Segment Start: Data to examine

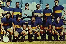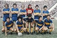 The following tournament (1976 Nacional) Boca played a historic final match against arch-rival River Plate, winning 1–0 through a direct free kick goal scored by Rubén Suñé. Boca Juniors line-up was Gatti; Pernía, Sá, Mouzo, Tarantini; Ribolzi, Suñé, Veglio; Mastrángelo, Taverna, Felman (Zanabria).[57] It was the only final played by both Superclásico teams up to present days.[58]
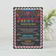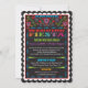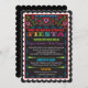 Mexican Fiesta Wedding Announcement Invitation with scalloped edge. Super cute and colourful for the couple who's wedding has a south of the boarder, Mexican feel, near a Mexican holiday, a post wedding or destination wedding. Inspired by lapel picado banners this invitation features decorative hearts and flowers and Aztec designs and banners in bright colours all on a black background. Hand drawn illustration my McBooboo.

Segment End: Data to examine
Segment Start: Data to examine

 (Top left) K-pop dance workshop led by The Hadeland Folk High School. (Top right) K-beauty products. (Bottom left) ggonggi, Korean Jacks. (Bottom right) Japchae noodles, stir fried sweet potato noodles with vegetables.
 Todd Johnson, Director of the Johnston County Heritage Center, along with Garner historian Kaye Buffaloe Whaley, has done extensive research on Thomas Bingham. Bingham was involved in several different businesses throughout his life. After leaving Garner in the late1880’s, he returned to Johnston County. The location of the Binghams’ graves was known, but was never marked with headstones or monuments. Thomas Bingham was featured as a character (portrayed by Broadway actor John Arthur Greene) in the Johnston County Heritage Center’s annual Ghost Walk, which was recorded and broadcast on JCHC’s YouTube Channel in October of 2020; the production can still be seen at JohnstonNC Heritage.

Segment End: Data to examine

- [Requirement]
The listing above holds a line with "(Top left) K-pop" and a line with "Todd Johnson, Director". Print the stretch from the first through the second, exactly and alone.

- [Task answer]
 (Top left) K-pop dance workshop led by The Hadeland Folk High School. (Top right) K-beauty products. (Bottom left) ggonggi, Korean Jacks. (Bottom right) Japchae noodles, stir fried sweet potato noodles with vegetables.
 Todd Johnson, Director of the Johnston County Heritage Center, along with Garner historian Kaye Buffaloe Whaley, has done extensive research on Thomas Bingham. Bingham was involved in several different businesses throughout his life. After leaving Garner in the late1880’s, he returned to Johnston County. The location of the Binghams’ graves was known, but was never marked with headstones or monuments. Thomas Bingham was featured as a character (portrayed by Broadway actor John Arthur Greene) in the Johnston County Heritage Center’s annual Ghost Walk, which was recorded and broadcast on JCHC’s YouTube Channel in October of 2020; the production can still be seen at JohnstonNC Heritage.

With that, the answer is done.